Huit universités, dont celles d’Amiens et de Lille, et une centaine de chercheurs se regroupent pour lancer un réseau de recherche sur le racisme et l’antisémitisme
- Une centaine de chercheurs issus de huit universités, dont celles d’Amiens et de Lille, lance un Réseau de recherche sur le racisme et l’antisémitisme (RRA).
- Ce réseau est qu’il va fédérer beaucoup de disciplines différentes : l’histoire, la sociologie, la psychanalyse, les sciences de l’éducation, le droit…
Propos recueillis par Gilles Durand et publiés sur le site 20minutes.fr , le 19 11 2019
L’historienne Martine Benoit est référente sur le sujet du racisme, à l’université de Lille.

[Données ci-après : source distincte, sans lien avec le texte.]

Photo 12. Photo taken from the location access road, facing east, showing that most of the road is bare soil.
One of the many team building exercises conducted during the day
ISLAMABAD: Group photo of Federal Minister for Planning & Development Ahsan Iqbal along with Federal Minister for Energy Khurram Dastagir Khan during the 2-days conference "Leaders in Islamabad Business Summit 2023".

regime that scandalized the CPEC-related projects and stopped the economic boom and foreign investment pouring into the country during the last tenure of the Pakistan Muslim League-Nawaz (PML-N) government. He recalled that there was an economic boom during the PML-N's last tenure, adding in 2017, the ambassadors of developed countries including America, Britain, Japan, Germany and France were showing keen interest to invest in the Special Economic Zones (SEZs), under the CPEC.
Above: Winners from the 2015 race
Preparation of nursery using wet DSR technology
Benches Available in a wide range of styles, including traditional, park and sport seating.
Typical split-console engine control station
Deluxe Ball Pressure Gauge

D’où vient la haine de l’autre? Mercredi sera officiellement lancé, à Lille, le Réseau de recherche sur le racisme et l’antisémitisme (RRA) qui va réunir une centaine de chercheurs issus de huit universités, dont celles d’Amiens –qui est pilote – et de Lille. Entretien avec la germaniste Martine Benoit.

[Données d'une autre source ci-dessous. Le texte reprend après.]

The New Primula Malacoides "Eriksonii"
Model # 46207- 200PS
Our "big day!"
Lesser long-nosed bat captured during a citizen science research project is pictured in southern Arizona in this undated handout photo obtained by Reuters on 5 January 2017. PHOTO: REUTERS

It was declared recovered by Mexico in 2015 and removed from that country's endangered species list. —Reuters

Pourquoi avoir mis en place ce réseau ?
En 2015, le ministère a proposé aux universités de nommer des référents racisme et antisémitisme. Comme chercheurs, nous avons souhaité renforcer cet engagement universitaire par un réseau d’échanges entre universités. Ce réseau a l’avantage de fédérer beaucoup de disciplines : l’histoire, la sociologie, la psychanalyse, les sciences de l’éducation, le droit…
Quels sont vos axes de travail ?
On évoque, par exemple, le conspirationnisme. Ce n’est pas un sujet nouveau. Mais avec les réseaux sociaux, cela prend une ampleur inédite. On a beau contredire avec des arguments rationnels, ça ne produit que peu d’effet. On a l’impression d’interrogations sans fin. On interroge aussi la montée du communautarisme et de cette nouvelle façon de compartimenter les réflexions. Une femme est-elle plus légitime qu’un homme pour parler des femmes ? Un historien l’est-il moins qu’un témoin?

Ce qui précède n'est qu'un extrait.